Elïo fixe Christian de ses grands yeux, attentif aux paroles de son grand-père.
- Le peu que je sais, je te l’offre, tout comme mes parents et mes ancêtres avant moi. Il n’y a rien de plus noble que d'enseigner son savoir à son prochain, même la plus infime des connaissances te fera grandir alors sois prêt à apprendre de tout un chacun. Aujourd’hui c’est toi qui hérite de ces quelques connaissances. Retiens-les bien.
Elïo continue d’écouter. Il intègre à jamais ce discours de son grand-père adoré.
- Tu es le meilleur papi !
Christian rit avant de lui répondre avec entrain
- Allez, maintenant c’est parti mon grand !
Grand-père et petit-fils s’affairent pour donner corps entre sol et chlorophylle. L’opération se termine au bout d’une quinzaine de minutes. Alors que Christian fait quelques pas de recul pour jauger leur travail, Elïo, lui, appose sa main quelques secondes à la base de chaque pied de tomates. Paume contre terre, il scrute les végétaux.
- Tu bénis les tomates ?
Le garçon ne répond pas. Christian l’examine avec tendresse. Un impact humide sur son crâne le tire de contemplation affective. Le nez en l’air, il constate quelques gouttes de pluie s'invitant au cadre printanier de ce milieu d’après-midi.
- Dépêche-toi Elïo, rentrons à la maison ou nous finirons trempés, dit Christian en lui tendant un bras.
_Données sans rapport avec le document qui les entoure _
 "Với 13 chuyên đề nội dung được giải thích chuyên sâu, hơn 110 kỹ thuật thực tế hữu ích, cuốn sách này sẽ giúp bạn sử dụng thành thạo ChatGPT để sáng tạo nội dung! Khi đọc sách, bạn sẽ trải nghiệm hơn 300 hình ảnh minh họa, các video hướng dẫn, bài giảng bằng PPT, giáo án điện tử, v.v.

Le sourire aux lèvres, Elïo se redresse puis se dirige vers son grand-père pour lui attraper la main. À l’instant-même où leurs doigts s’effleurent, un courant fugace traverse Christian. Il ne s’agit pas d’électricité statique. C’est différent. Aussi imperceptible qu’indolore et aussi transfixiant que déroutant.
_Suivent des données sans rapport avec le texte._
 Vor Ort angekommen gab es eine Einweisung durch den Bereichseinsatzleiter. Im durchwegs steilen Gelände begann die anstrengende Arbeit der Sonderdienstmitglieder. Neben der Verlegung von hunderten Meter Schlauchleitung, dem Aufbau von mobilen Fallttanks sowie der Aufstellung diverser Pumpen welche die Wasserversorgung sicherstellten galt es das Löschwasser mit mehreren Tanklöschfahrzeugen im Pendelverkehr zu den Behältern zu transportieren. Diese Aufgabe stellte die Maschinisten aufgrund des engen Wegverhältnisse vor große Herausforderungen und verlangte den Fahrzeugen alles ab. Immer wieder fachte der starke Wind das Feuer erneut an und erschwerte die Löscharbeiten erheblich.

Le grand-père, qui s’était élancé vers la maison, se tourne vers lui. Elïo le regarde de ses grands yeux. Ils oscillent à plusieurs reprises de bas en haut, puis de haut en bas quand tout à coup Elïo se jette brusquement contre la cuisse de Christian et l’enlace avec fermeté.
- Et bien, et bien, Elïo, que t’arrive-t-il ?
La tête de son petit-fils reste scotchée à sa jambe plusieurs secondes avant qu’Elïo relève le menton pour lui répondre d’une petite voix.
- Je t’aime papi.
C’est soudain et aussi désarçonnant qu’adorable, alors Christian se penche à sa hauteur pour lui répondre d’un rire éclatant.
- Je t’aime aussi mon petit Elïo. Rentrons vite, je suis sûr que ta maman nous a réservé un succulent goûter !!